В отличие от многих своих современниц, Одоевцева в России стала прославленным
автором. В эмиграции же время для нее "как будто пошло вспять". "Из
поэта настоящего, поэта, возраст которого не играет роли", она вдруг превратилась
в "молоденькую поэтессу" и "молодую романистку", как ее
неизменно называли критики, и оставалась в этой роли почти до конца войны. С
ней в эмиграции "случилось обратное, чем с гадким утенком в сказке Андерсена"
(там же, 626-627).
Незадолго до войны Г. Иванов и Одоевцева для заработка решили обратиться к
тому, что сегодня называют массовой литературой, и в соавторстве написать роман.
Иванов придумал содержание и решил, что Одоевцева будет писать о молоденькой
героине, т.е. предоставил ей разрабатывать любовную линию; себе же оставил политическую.
Когда, убедившись в нереальности подобной затеи, Одоевцева довольно быстро написала
роман самостоятельно, удивлению ее мужа не было предела. "С этого момента
он наконец поверил в меня как в писателя и даже стал допускать в свою писательскую
кухню. Он поручал мне дописывать свои статьи, которые, в отличие от стихов,
всегда давались ему с трудом" (там же, 785).
Как разновидность "bad faith" можно рассматривать и свойственные
женщинам (впрочем, не только им) сомнения в собственных силах, см., например,
весьма показательные записи Кузнецовой: "Я потеряла смелость. Писать какой-либо
роман рядом с ним [Буниным — О.Д.] — претенциозно и страшно"

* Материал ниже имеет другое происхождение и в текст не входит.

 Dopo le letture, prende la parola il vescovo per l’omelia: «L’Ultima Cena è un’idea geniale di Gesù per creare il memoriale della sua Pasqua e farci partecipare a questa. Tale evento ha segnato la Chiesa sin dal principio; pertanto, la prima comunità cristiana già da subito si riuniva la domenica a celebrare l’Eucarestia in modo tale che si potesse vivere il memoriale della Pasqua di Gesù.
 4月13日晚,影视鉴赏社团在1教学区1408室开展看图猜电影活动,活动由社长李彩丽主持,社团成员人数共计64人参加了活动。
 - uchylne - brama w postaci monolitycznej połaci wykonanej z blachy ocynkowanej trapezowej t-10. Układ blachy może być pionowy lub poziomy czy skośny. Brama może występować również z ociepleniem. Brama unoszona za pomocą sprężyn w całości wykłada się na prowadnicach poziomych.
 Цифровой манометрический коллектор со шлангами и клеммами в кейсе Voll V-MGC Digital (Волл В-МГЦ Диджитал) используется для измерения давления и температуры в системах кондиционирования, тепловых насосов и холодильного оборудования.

(КУЗНЕЦОВА, 1 июля 1927); "Мне кажется, что все, что я даю ему читать,
должно казаться слабым, беспомощным, и сама стыжусь этого" (там же, 4 февраля
1928, 58); "По-прежнему сомневаюсь в себе, тоскую, браню себя за лень,
хотя все время как будто что-то делаю" (там же, 22 авг. 1928, 73) и пр.

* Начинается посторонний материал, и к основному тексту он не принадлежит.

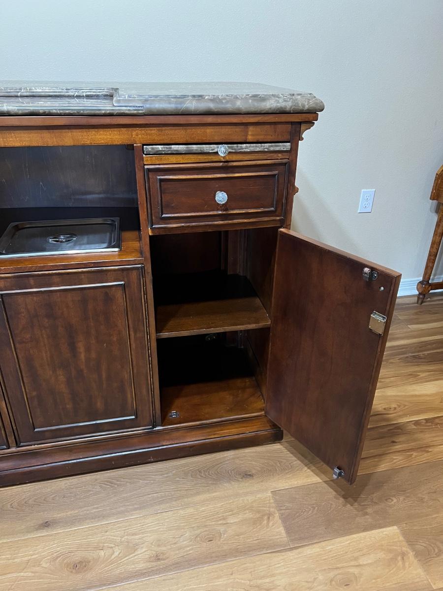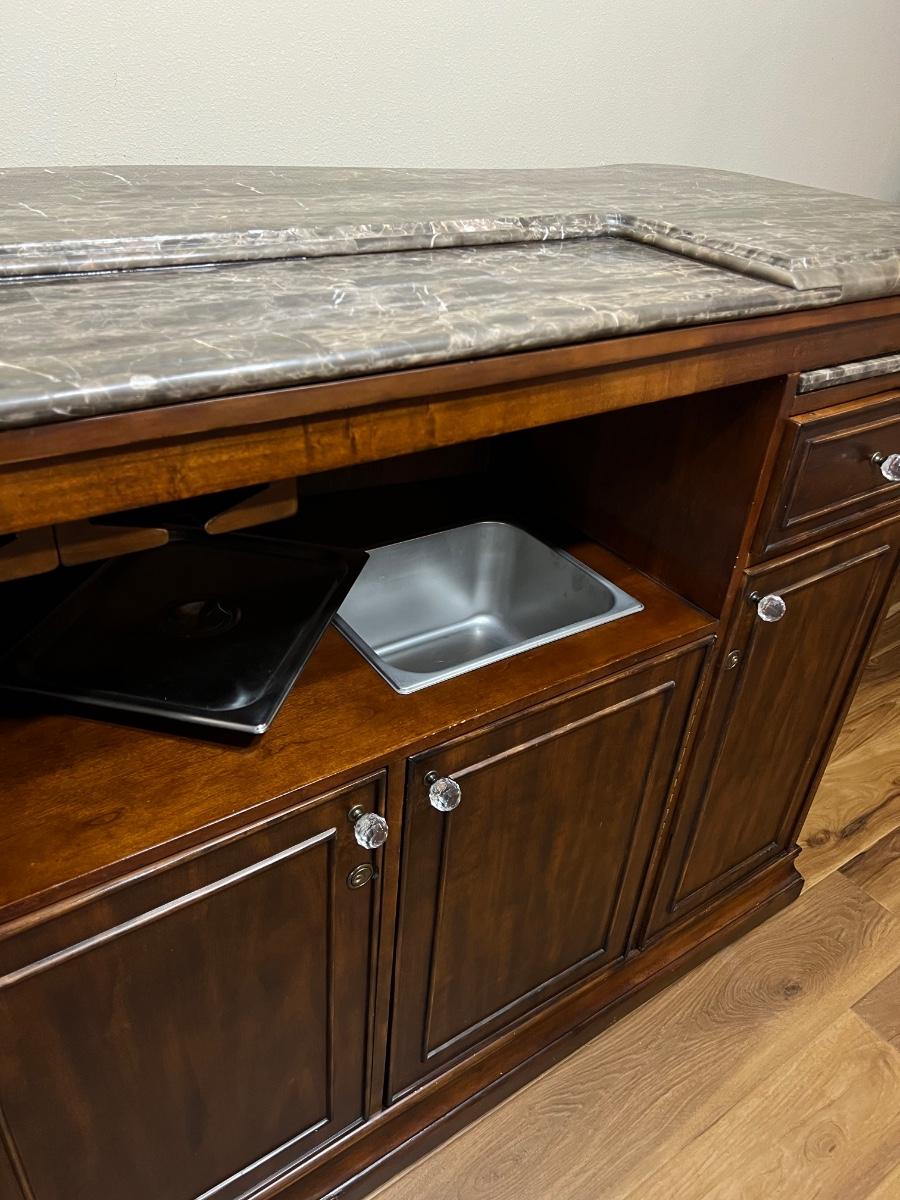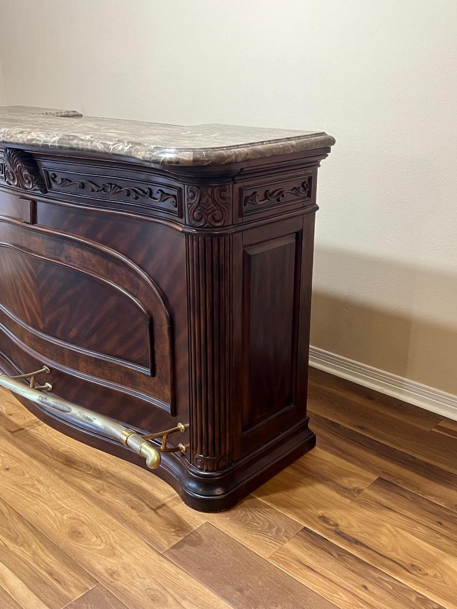 Very heavy ~ Has no key for doors ~ Has wear from use, see photos for condition ~ Has had a minor repair on bar top hardly noticeable, see photos ~ Research shows bar weighs close to 500 lbs, ~ please bring help! We cannot help move this item ~ 43” H x 69” W x 30” D With metal foot bar ~ Ice bucket = 6” H x 12” W x 9.5” D

Одним из немногих исключений в этом ряду можно считать Нину Берберову, которая
никогда не сомневалась в своих силах и сумела довольно быстро понять, что требуется
для эмигрантских изданий. См. записи Кузнецовой: "Еще раз я подивилась
тому, какая у нее завидная твердость воли и уверенность в себе, которую она
при всяком удобном случае высказывает"; "Она [...] даже советовала,
что именно надо посылать в Последние новости [...] говорила мне, что
посылать в газету надо то, что я сама менее всего ценю в художественном отношении,
что-нибудь 'сюжетное', как теперь говорят" (там же, 25 июля 1927, 8 сентября
1927). Следует отметить, однако, что эти качества Берберовой неизменно расценивались
критикой как мужские, что нашло отражение в многочисленных дневниковых записях,
мемуарах и переписке.
3) непризнание написанного женщиной (denial of agency):
Наиболее показательный случай — критическое соавторство Ходасевич-Берберова
под псевдонимом Гулливер, зачастую при ведущей роли Берберовой, о чем довольно
долго не подозревала не только читающая публика, но и коллеги-критики: псевдоним
ассоциировался только с именем Ходасевича.

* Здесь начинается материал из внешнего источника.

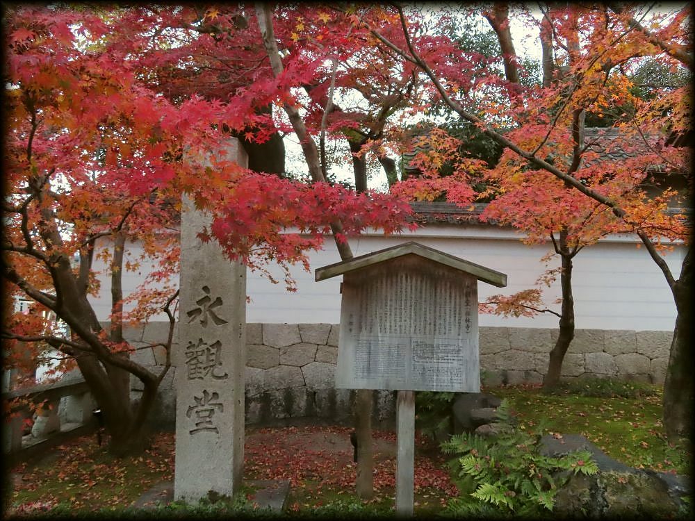 永観堂(禪林寺) 紅葉の風景 50音順一覧 MAP 南禅寺界隈の庭園 ![]() 東福寺とともに、紅葉の名所で有名な永観堂。 京都では「秋はもみじの永観堂」と言われるほど、紅葉の季節には真っ先に連想される寺院です。 ![]() ![]() ただその年の気候、訪れる時期、天候によって、紅葉の美しさは微妙に変わります。 桜よりも、色づき具合などが予想できないところも、また紅葉の楽しみではありますが・・・。 ![]() ![]() これまで訪れていちばん美しかったのは遙か以前の2010年11月27日。 人出もすごかったですが、さすがに紅葉は綺麗で。コンパクトデジカメで撮影し、色の修正なしでこの鮮やかさ ![]() ![]() 天気にも恵まれたためか、紅と黄色がひときわ鮮やかでした。 ![]() ![]() 阿弥陀堂(本堂)周辺の燃え立つような紅葉 ![]() ![]() 燃え立つような紅葉の赤に境内全体が染まるほどの迫力 ![]() 御影堂の朱の柱と紅葉の色が見事に調和 境内の至る所で、紅葉、黄葉の洪水 ![]() 永観堂の隣に母校があります。高校時代は永観堂の紅葉、意識したことなかったなぁ。残念 ![]() 久しぶりに訪れた永観堂。門の前から見事な紅葉 ![]() 紅葉の間から見る多宝塔も美しく ![]() ![]() ![]() 雪崩のような紅葉、覆い被さる紅葉、地面に広がる敷き紅葉――。 境内の至る所で紅葉を堪能できたのですが・・・・。 ![]() ![]() 庭として最大の見どころである釈迦堂前の庭園は、少し訪れた時期が遅かったようで、 紅葉は少し枯れ気味でした。 ![]() ![]() 釈迦堂の南庭に至っては、散り果てた紅葉で覆い尽くされていました。 わびさびの風情を感じられ、庭の造作もはっきりと見えるのがメリットと思えなくもないのですが、 敷き紅葉も枯れてしまっていて残念――。 ![]() 紅葉以外の季節は、比較的空いている境内 ![]() 釈迦堂前の庭園は新緑の季節も美しく。紅葉以外の時期はそれほど混んでいないため、 盛り砂が印象的な庭をゆっくりと眺めることができます。 ![]() ちなみに紅葉の季節は、縁側に座れないほどの混雑です。参考まで ![]() 多宝塔につながる臥竜廊。永観堂にはいくつものお堂があり、 見返り阿弥陀などの見どころも多いので、紅葉の季節以外にも参拝することをお勧めします。 永観堂の境内図は公式サイトをご参照ください。 ![]() 永観堂は平安時代、853年の創建。当初は真言宗でしたが、いまは浄土宗西山禅林寺派の本山なりました。 紅葉以外では、阿弥陀さまが振り返っている姿を現した阿弥陀堂の「見返り阿弥陀(阿弥陀如来立像、重要文化財)」で有名です。 ちなみに南禅寺の名前の由来も「禅林寺の南」が由来となっています。 Copyright © Goto N. All Rights Reserved. |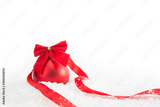 Red christmas ball with ribbon on white background.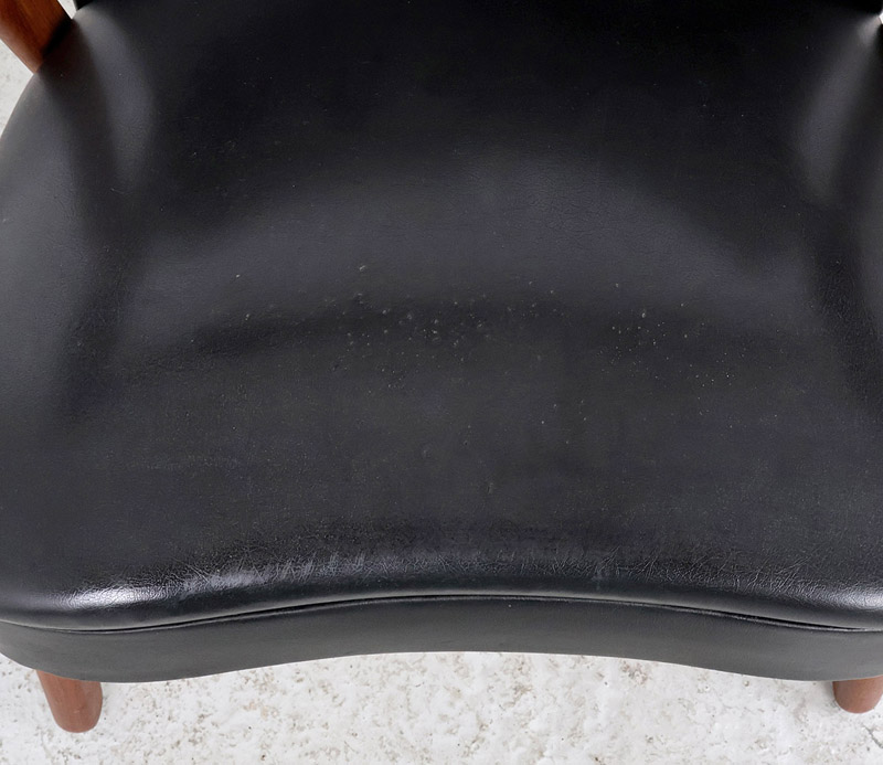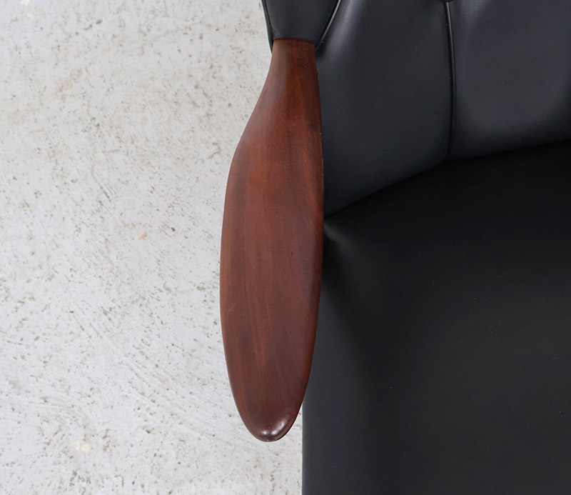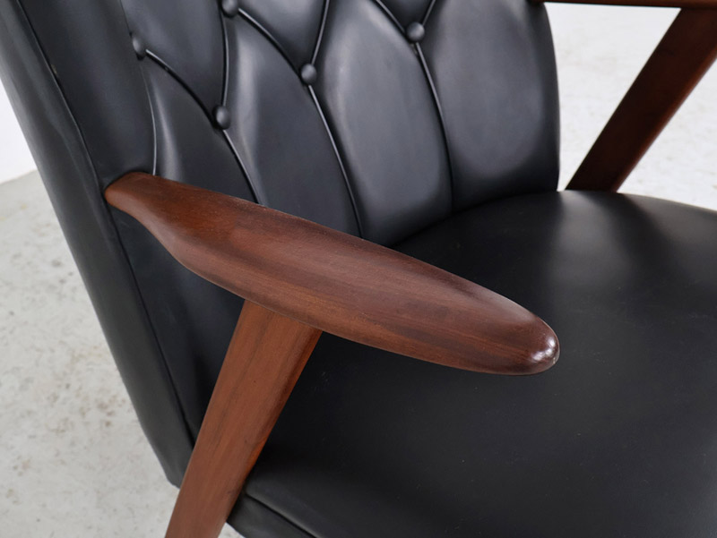 De stoelen zijn uitgevoerd met elegante teakhouten armleuningen en poten, en bekleed met het originele zwarte skai, wat zorgt voor een mooi contrast tussen het warme hout en de strakke bekleding.

4) умаление значимости произведений как безынтересных и не представляющих
особенной ценности (double standard of content):
Как уже отмечалось, в 1933 был опубликован роман Е. Бакуниной Тело, в
1935 — второй ее роман Любовь к шестерым, посвященные истории и
анализу любовных переживаний героини и ее мучительных попыток найти гармонию
в физической близости, уйти от "разорванности" и уродства окружающей
жизни. Действие романов разворачивается на фоне тщательно выписанных картин
убогого эмигрантского быта; и бытописательская, и любовная линии подчеркнуто
натуралистичны.
Полемика, разгоревшаяся в эмигрантской критике по поводу этих двух произведений,
убедительно демонстрирует, как работал принцип "double standard of form
and content" через "lack of models". Процитирую несколько критических
отзывов.
"Переживание, описанное с величайшей точностью, но не подчиненное законам
литературного ремесла, не образует художественного произведения. [...] Тут нет
никакой эротической трагедии, а есть цепь половых неудач — разница преогромная"
(ХОДАСЕВИЧ 1933).
"Зоркость, напряженная воля к правде, способность эту правду видеть,
чувствовать и показать другим в ней незаурядны [речь идет о правдивом изображении
эмигрантской жизни — О.Д.]. Поэтому книга ее не 'человеческий документ'
[...], а художественный синтез, искусство." (ЦЕТЛИН, 452)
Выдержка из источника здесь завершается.